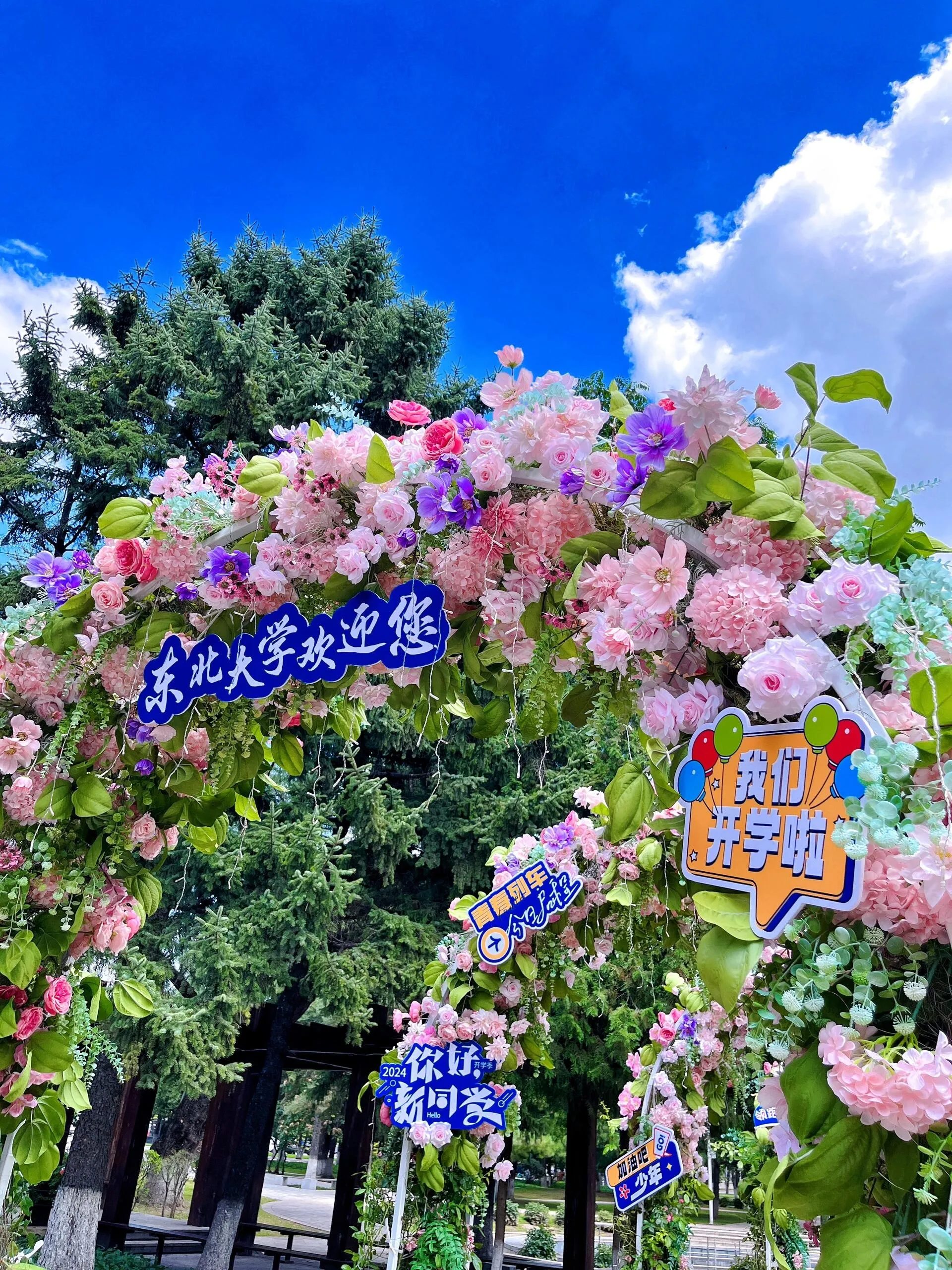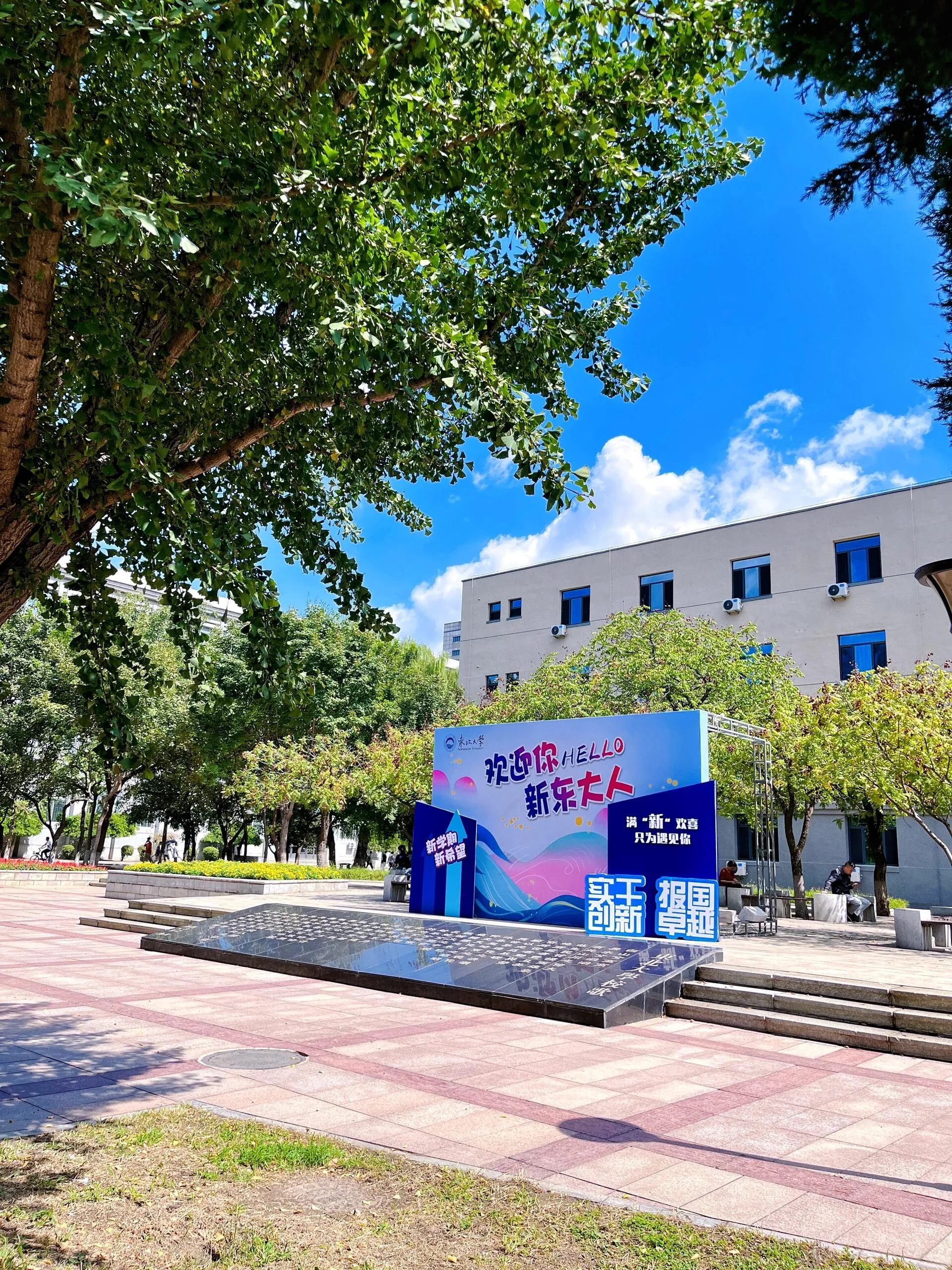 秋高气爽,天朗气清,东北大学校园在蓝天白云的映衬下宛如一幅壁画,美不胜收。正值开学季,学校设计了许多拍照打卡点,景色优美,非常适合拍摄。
--
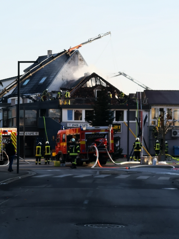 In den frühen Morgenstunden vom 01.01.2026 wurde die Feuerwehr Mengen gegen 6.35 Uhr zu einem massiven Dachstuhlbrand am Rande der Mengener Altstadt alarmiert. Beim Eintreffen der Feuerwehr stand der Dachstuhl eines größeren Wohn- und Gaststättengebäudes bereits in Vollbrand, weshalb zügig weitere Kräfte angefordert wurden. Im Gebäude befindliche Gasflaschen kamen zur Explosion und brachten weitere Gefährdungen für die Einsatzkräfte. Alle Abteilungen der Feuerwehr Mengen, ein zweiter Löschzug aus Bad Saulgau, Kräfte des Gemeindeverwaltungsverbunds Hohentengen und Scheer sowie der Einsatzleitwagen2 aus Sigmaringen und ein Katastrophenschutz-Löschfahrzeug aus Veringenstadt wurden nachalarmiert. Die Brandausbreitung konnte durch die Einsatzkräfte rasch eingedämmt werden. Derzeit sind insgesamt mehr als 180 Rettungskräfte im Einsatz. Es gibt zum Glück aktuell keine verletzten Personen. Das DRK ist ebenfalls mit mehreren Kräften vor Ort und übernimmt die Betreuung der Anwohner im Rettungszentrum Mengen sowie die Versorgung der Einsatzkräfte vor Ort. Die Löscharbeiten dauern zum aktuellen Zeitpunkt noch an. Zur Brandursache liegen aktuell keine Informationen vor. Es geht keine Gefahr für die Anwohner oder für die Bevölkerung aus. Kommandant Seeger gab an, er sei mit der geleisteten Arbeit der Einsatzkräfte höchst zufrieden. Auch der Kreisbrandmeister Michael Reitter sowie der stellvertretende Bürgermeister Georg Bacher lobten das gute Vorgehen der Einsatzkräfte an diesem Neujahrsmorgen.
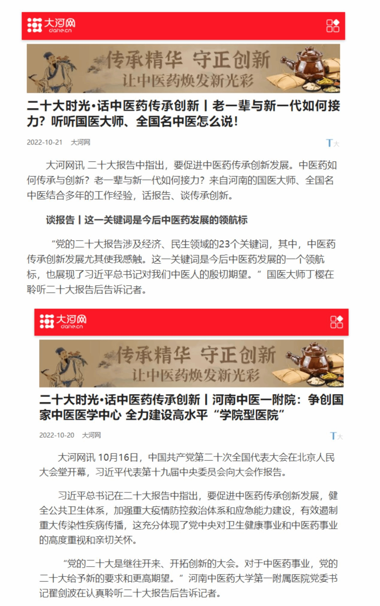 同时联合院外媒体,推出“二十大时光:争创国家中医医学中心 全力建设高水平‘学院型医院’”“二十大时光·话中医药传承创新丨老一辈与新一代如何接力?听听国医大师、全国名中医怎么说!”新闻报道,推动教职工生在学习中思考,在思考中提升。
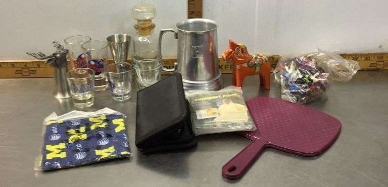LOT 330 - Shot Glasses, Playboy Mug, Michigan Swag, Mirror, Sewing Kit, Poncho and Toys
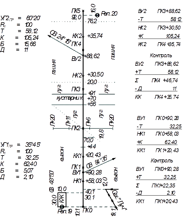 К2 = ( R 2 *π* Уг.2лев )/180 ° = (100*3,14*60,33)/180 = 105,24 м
==
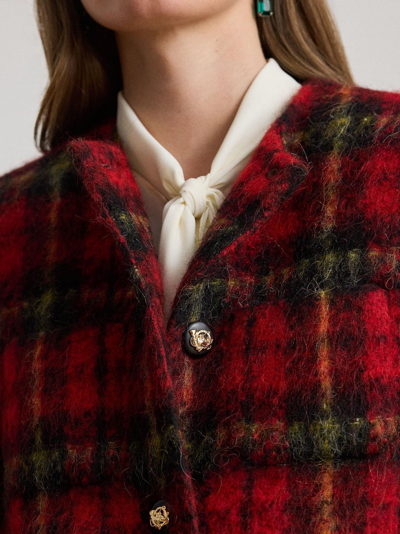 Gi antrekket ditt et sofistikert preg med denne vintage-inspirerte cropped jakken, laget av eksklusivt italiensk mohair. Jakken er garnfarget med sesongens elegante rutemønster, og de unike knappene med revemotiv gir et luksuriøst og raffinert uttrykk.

Work required: Using the listing above, restate exactly the range between the lines holding "LOT 330 - Shot" and "К2 = ( R 2 *π*", inclusive, with pictures left out.

Response area:
LOT 330 - Shot Glasses, Playboy Mug, Michigan Swag, Mirror, Sewing Kit, Poncho and Toys
 К2 = ( R 2 *π* Уг.2лев )/180 ° = (100*3,14*60,33)/180 = 105,24 м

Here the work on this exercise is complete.